Example structure for ethane piercing benezene
Example structure for ethane (darker carbons) piercing benezene (lighter carbons).
By Josh Vermaas

Josh Vermaas, assistant professor at the PRL and the Department of Biochemistry & Molecular Biology and the primary investigator on this paper, was working on developing structural models for lignin, a polymer that is important in the plant cell wall. When creating lignin models that he could simulate, he was running into a common problem: In these simulations, the computer didn’t know what to do when one component overlapped with another and pierced the ring of the first, creating a model that would not be possible in reality.

When running into this issue, Vermaas and computational researchers like him would need to go through and fix all the errors by hand. This is a time consuming and tedious process.

“If we wanted to make good atomic models for these kinds of systems, there was a need to treat these problems in an automated way,” Vermaas said.

LongBondEliminator (LBE) is the tool Vermaas created to help fix these ring piercings with minimal user input.

“That started with lignin-specific code put into LigninBuilder, but LBE is generalizable to other systems with rings,” Vermaas said.

Improving on the tool

Animation of long bonds in a lignin molecule being smoothed out during the multiple steps of the LongBondEliminator process.
This animation shows long bonds in a lignin molecule being smoothed out during the multiple steps of the LongBondEliminator process. Redder colors are especially long bonds, while bluer colors are those that are only a little long and would be fine for simulation.
Animation rendered by Josh Vermaas

The three researchers were independently working on projects involving computational simulations, each with thousands of atoms that needed to be fit together. Kulke was simulating the glycosylated protein aggrecan, which is essential for the function of cartilage, and its degradation can result in diseases like arthritis. Postdoc Daipayan Sarkar was simulating the AstraZeneca COVID-19 vaccine with his collaborators, Abhishek Singharoy and Chun Kit Chan from Arizona State University and Alexander Baker at Accession Therapeutics, in collaboration with AstraZeneca to determine the structure of the ChAdOx1 COVID-19 viral vector (PDB: 7RD1).

When the researchers came together at the Vermaas lab, they soon realized they all had the same issues when it came to ring piercings. They worked to improve the LBE tool and make it more widely applicable in molecular simulations.

It was from the paper on the vaccine that the researchers in the Vermaas lab were invited by Alex Baker to write a paper for a special edition of Biomolecules, detailing their methods with LBE so that other researchers might utilize that tool efficiently.

“I would say that in any large system with many components that must come together, this tool can be important,” Kulke said.

Josh Vermaas, Daipayan Sarkar and Martin Kulke
Josh Vermaas, Daipayan Sarkar and Martin Kulke.
Image 1 by Kara Headley; Images 2 and 3, courtesy photos

Sarkar added: “One of our goals at the PRL is to see the interaction between photosystem II and phycobilisome in cyanobacteria.
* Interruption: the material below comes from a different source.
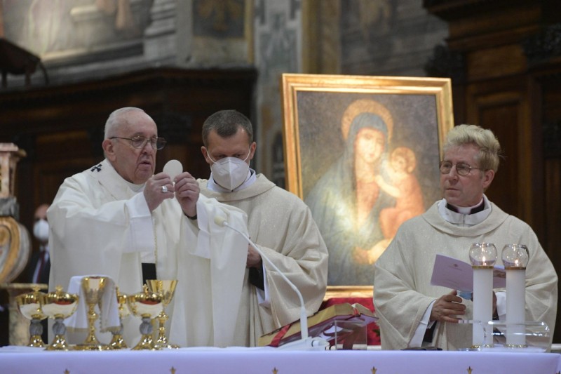 CIUDAD DEL VATICANO (http://press.vatican.va - 11 de abril de 2021).- A las 10.30 horas de esta mañana, en la Iglesia del Santo Espíritu en Sassia, Santuario de la Divina Misericordia, el Santo Padre FRANCISCO ha celebrado la Santa Misa en la Fiesta de la Divina Misericordia. Han concelebrado con el Papa S.E. Mons. Rino Fisichella, Presidente del Pontificio Consejo para la Promoción de la Nueva Evangelización, Mons. Jozef Bart, Rector de la Iglesia del Santo Espíritu en Sassia y algunos Misioneros de la Misericordia instituidos durante el Jubileo de la Misericordia.

These two systems need to be put together; the phycobilisome needs to be stacked on top of photosystem II. We don’t have enough information at the atomic level to do this completely, but we can create a starting model which we can keep building on and derive biochemical and biophysical information from. When we do this, we expect to have problems with ring piercings.”

This is where the LBE comes into play. With a reasonable guess for the relative orientation between two structures, LBE makes it simple to eliminate these show-stopping artifacts.
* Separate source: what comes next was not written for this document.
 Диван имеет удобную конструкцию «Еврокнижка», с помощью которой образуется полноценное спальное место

“The real key is that we want to be spending our time doing cool science, setting up accurate models for the types of questions of interest to the PRL,” Vermaas said. “Creating bespoke solutions for individual systems was just much too inefficient."

This work was supported by the Division of Chemical Sciences, Geosciences and Biosciences, Office of Basic Energy Sciences of the U.S. Department of Energy Grant DE-FG02-91ER20021.